Science for Peace Media Release on Bush-NMD By Carolyn Langdon Executive Coordinator |
Toronto- The election of George W. Bush as U.S. President means the
deeply flawed and globally destabilizing National Missile Defence Scheme
is no longer on hold. "That in itself is bad news for peace", says Mel
Watkins of Science for Peace and Chair of the Committee against the
National Missile Defence (NMD).
"Worse", adds Watkins, who is also a Professor Emeritus at the
University of Toronto, "for Bush the NMD is the revival of the Reagan
Administration's absurd and dangerous Star Wars, and is part of a grand
plan for U.S. dominance of space."
Watkins wants the Canadian government to say an unambiguous No to the
NMD. "It's the first big test of the government's foreign policy since
Mr. Axworthy left the Cabinet. The world will judge us badly if we get this one wrong."
Russian President Vladimir Putin has come to Canada to warn that the NMD
will undermine the global commitment to prevent nuclear proliferation.

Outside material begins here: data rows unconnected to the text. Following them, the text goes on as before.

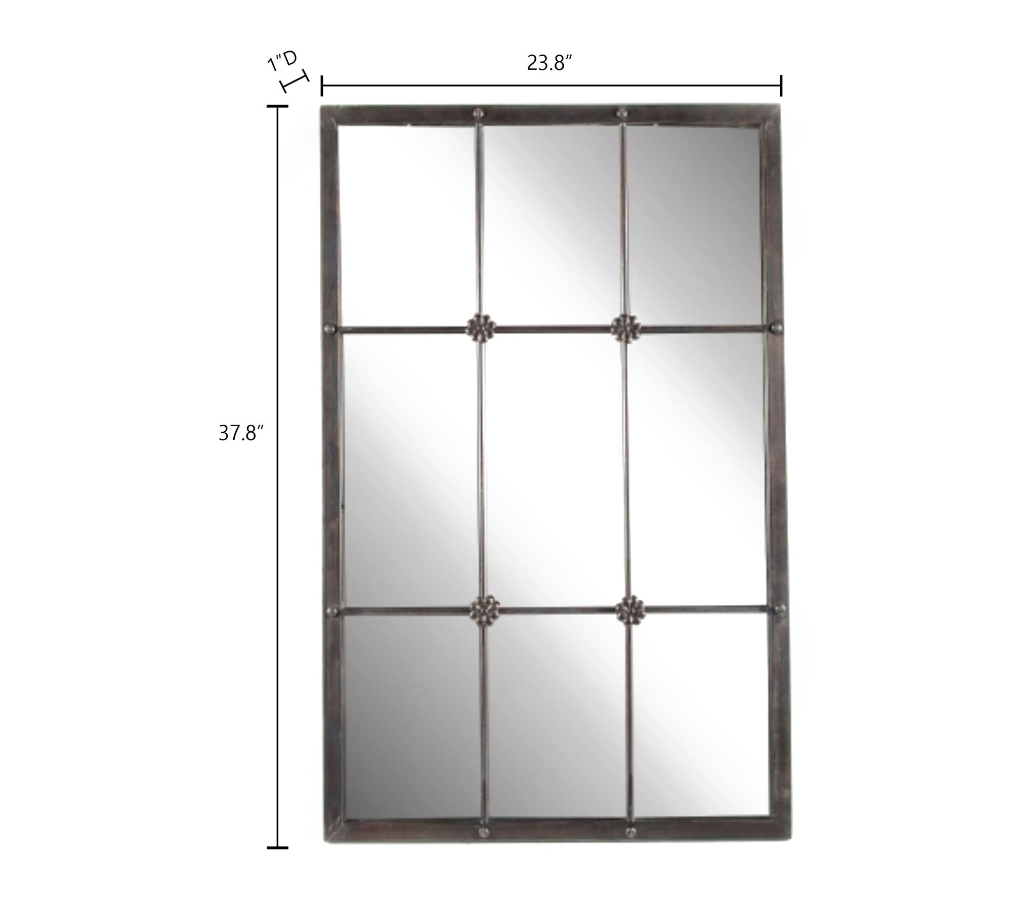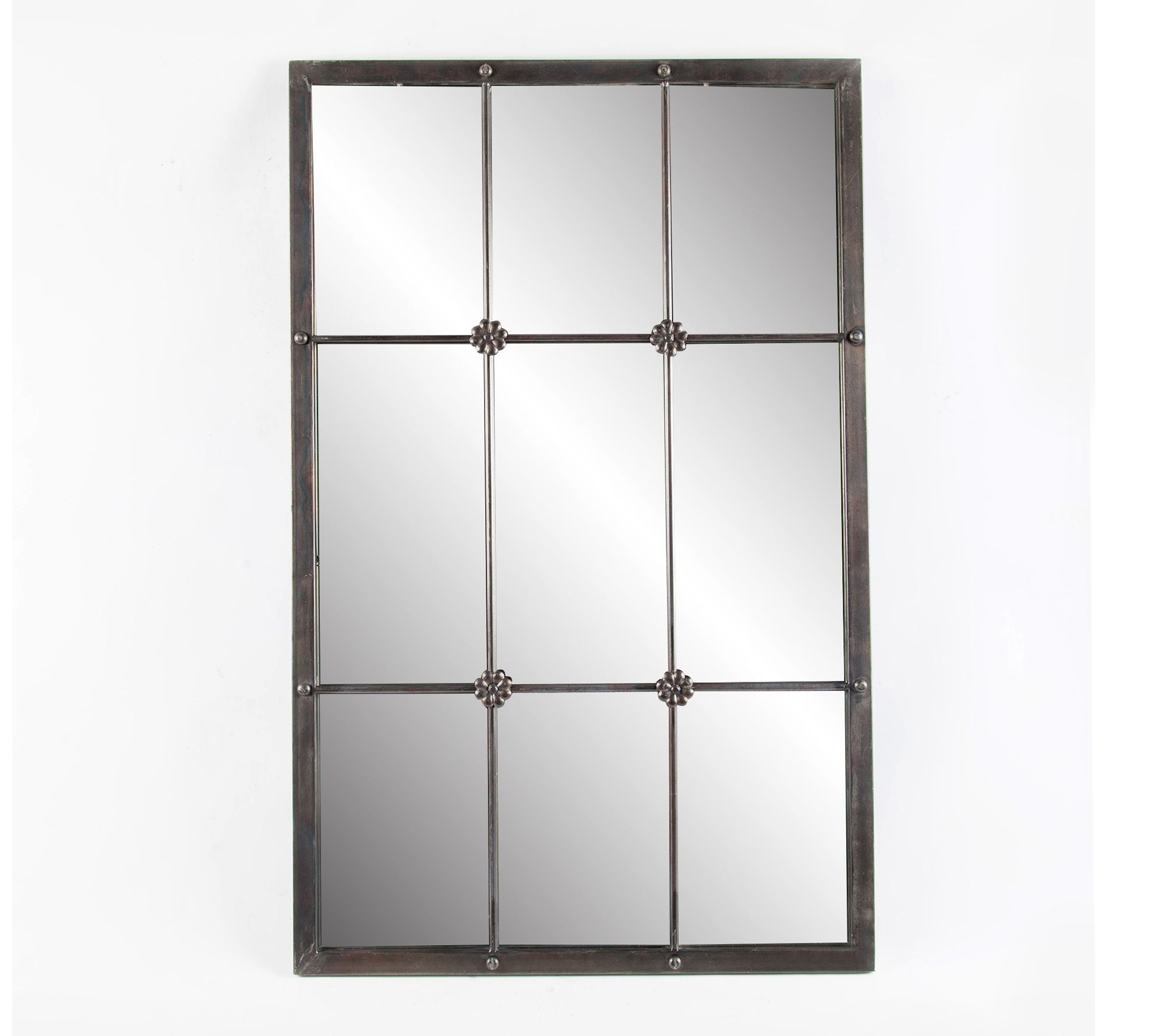 • Metal frame in rustic brown finish; glass mirror with nine windowpane sections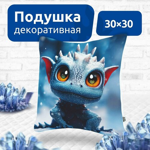 Подушка декоративная на диван для дома MEGA TOYS детская в подарок с принтом 30x30 Дракон снежный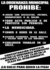 El pasado 10 de noviembre entró en vigor la normativa que pretende regular el uso del espacio (en teoría) público. La ordenanza prohíbe entre otras cuestiones tender la ropa, colgar pancartas, etc. en las fachadas de las casas, comer o beber en la calle (cualquier cosa), jugar a la pelota, patinar, escupir, etc. Además criminaliza la mendicidad, la prostitución, la venta ambulante, la música de calle, todo tipo de actos públicos no comunicados, etc. Todo ello, dada la ambigüedad de la ordenanza, deja en manos de los agentes de la autoridad distinguir lo que supone delito y lo que no.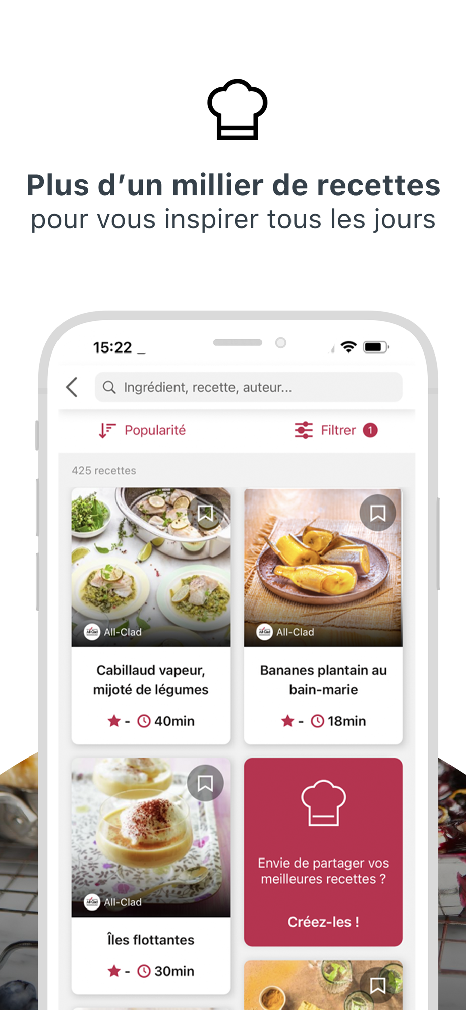 DEVENEZ MEMBRE DE LA COMMUNAUTÉ ALL-CLAD ! Créez ou modifiez vos recettes All-Clad depuis votre application puis partagez-les avec la communauté ou avec vos proches ! Vous pouvez également commenter et noter les recettes des autres membres de la communauté ou celles d’All-Clad afin de partager vos astuces !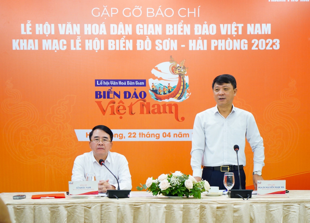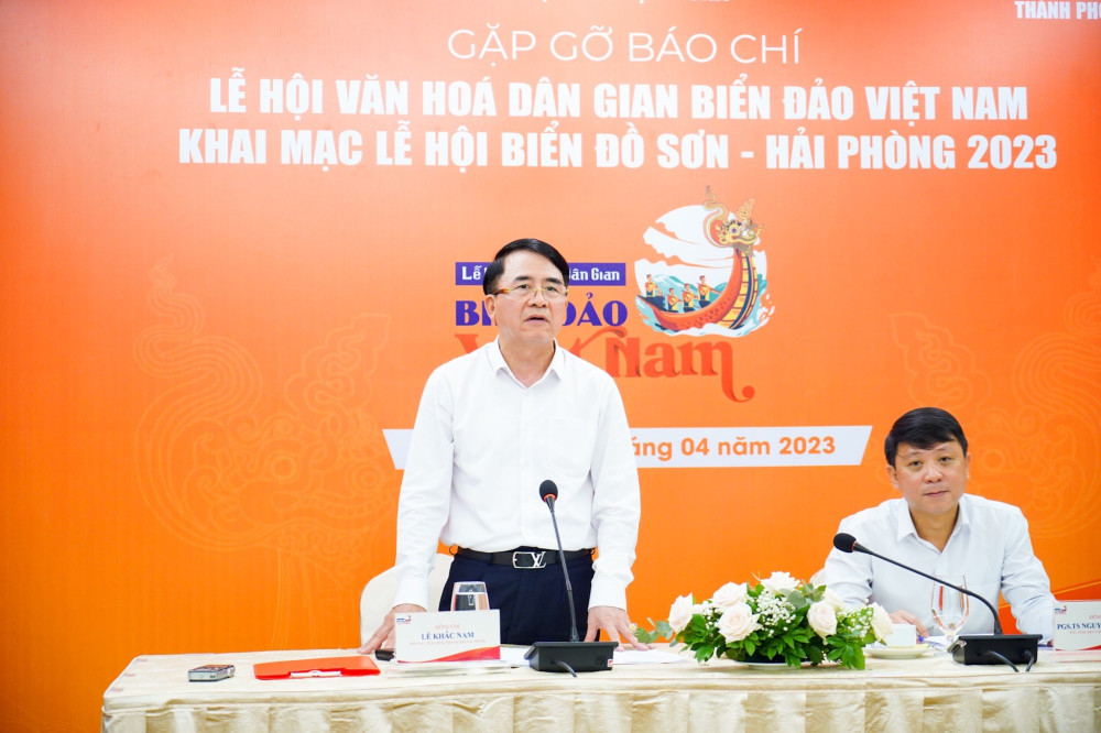 Sáng 22/4, tại Khách sạn Pearl River, Bộ Văn hóa Thể thao và Du lịch phối hợp Bộ Biên tập Tạp chí Cộng Sản và Thành ủy, UBND thành phố Hải Phòng tổ chức họp báo cung cấp thông tin về Lễ hội Văn hóa dân gian Biển đảo Việt Nam, Khai mạc Lễ hội Biển Đồ Sơn-Hải Phòng 2023. Đồng chí Lê Khắc Nam, Phó Chủ tịch UBND thành phố và PGS.TS Nguyễn Ngọc Hà, Phó Tổng Biên tập Tạp chí Cộng Sản đồng chủ trì Hội nghị.

Karl Grossman, an award-winning American investigative journalist,
speaking in Toronto in October, hailed Canada as a world leader at the
United Nations in seeking to ban weapons from space. He warned against
U.S. plans for space. "Being an empire, being drunk with power, that is
what I'm sorry to say my country is involved in". Grossman, who is also
Professor of Journalism at the State University of New York, says the
United States "desperately needs guidance and pressure from Canada to do
the right thing".
The Committee Against the NMD includes representatives from Science for
Peace, Greenpeace, Voice of Women, Physicians for Global Survival,
Lawyers for Social Responsibility, Peacefund and other peace organizations.